# meat taste bitter



## meatburner (Oct 16, 2005)

I seem to to have a bitter taste to my smoked meat and any thing else. Could it be the wood? I use a local oak firewood, is that bad ?


----------



## Dutch (Oct 16, 2005)

meatburner, Welcome to the Smoking Meats forum.  We have a wealth of knowledgeable folks here in the forum. Let us know your set up and we can help solve the problem. 

In order for us to help you we need to know the type of smoker that you are using, the fuel source (ie: wood, electric, charcoal or propane), and if  the wood you're using seasoned (dry) or green? You mentioned oak firewood so I'm thing that this wood has been dried.


----------



## soflaquer (Oct 16, 2005)

Most "bitter" taste following a smoking session is usually contributed to "Over" smoke and use of unseasoned wood.

As previously noted, let us know what processes and cooker you are using, Meatburner.

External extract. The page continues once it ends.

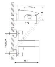 Размер: 17,0х11,4см. Цвет: хром. Материал: латунь. Излив: стационарный, короткий. Картридж керамический 35 мм. Монтаж: на два отверстия, настенные. Комплект: душевой шланг 150 см, Душевая лейка, Держатель лейки, Комплект отражателей, Комплект эксцентриков

BTW, welcome to our site.....................learn what you can, and share what you know!

Jeff


----------



## bob-bqn (Oct 17, 2005)

Howdy Meatburner.

Along with over smoking and using green wood, another cause of bitter tasting food that plagues folks new to smoking, is not understanding how to use the intake and exhaust vents properly to control airflow and heat. Some believe that by opening the exhaust vent they are letting all the heat escape and closing it will keep the heat in and help them maintain temperatures. Closing the top/stack/exhaust vent traps the smoke inside the smoker and stops the airflow causing a few problems. With the flow of air cut off the fire will begin to die down and temperatures start to cool, at the same time the smoke is trapped in the cooker and begins to cool. This cold trapped smoke quickly goes stale and will cause a bitter, acrid takes to the meat that is being cooked.

The best way to prevent this is to leave the exhaust vent half to full open (all the way open is best), keep the fire small (just big enough to do the job) so you don't need to close the vents for temperature control, and use the intake vent on the fire box to control temperatures.


----------